*WORK ORDER*:
Lines to return, exactly: from the line with "Blue Mist Caryopteris flowers" to the line with "Blue Mist Caryopteris is" in the entries below, both included.

======== STUDY MATERIAL ========

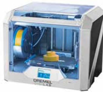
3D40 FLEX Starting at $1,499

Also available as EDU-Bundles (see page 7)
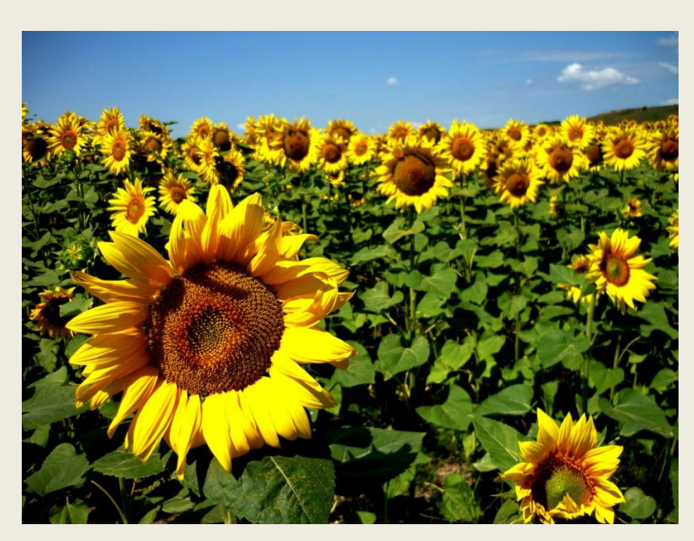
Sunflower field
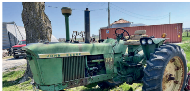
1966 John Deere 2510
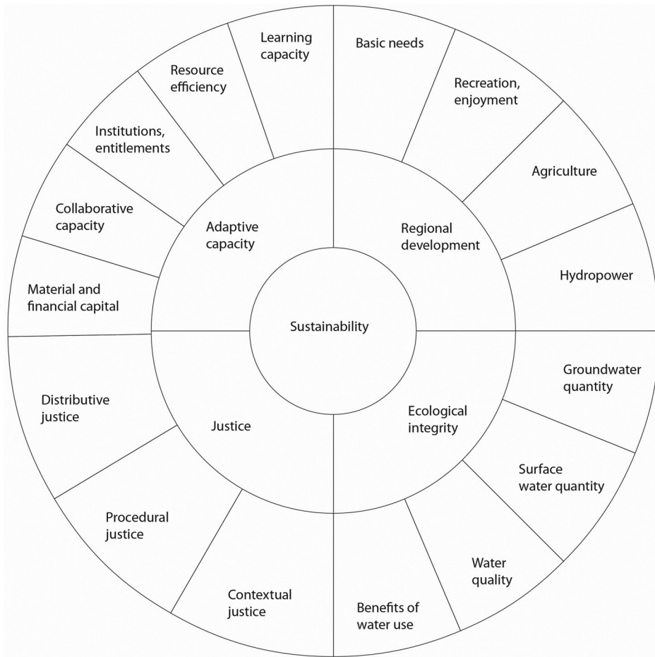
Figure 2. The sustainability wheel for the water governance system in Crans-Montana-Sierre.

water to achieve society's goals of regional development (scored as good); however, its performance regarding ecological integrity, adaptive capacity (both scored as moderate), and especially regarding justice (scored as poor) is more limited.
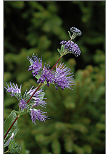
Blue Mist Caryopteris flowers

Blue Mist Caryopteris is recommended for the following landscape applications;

========
======== STUDY MATERIAL ========

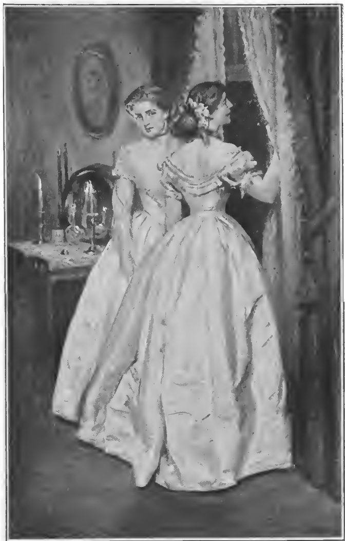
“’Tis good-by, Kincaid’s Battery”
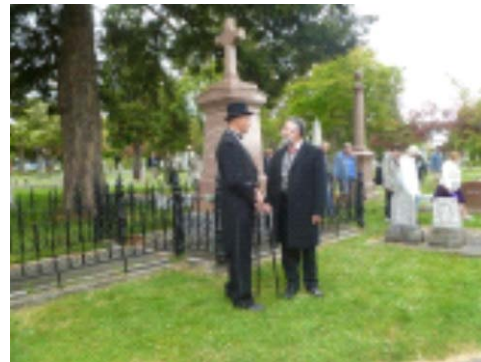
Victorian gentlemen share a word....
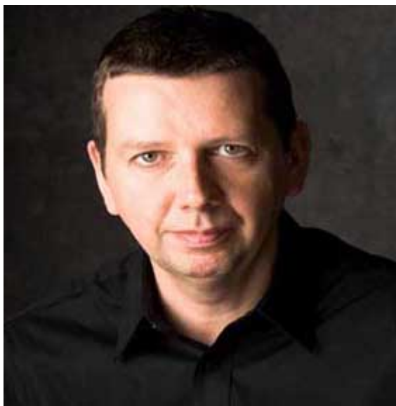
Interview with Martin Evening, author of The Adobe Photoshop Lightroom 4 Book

========
======== STUDY MATERIAL ========

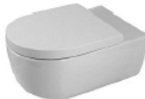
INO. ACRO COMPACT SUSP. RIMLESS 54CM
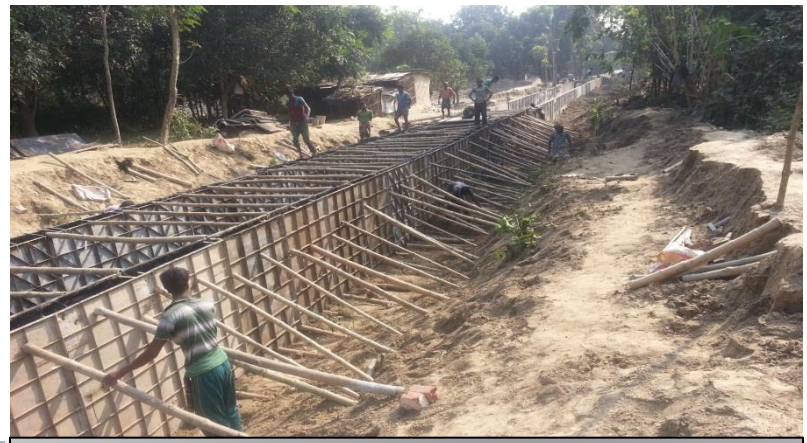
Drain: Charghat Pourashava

========

*WORKED SOLUTION*:
Blue Mist Caryopteris flowers

Blue Mist Caryopteris is recommended for the following landscape applications;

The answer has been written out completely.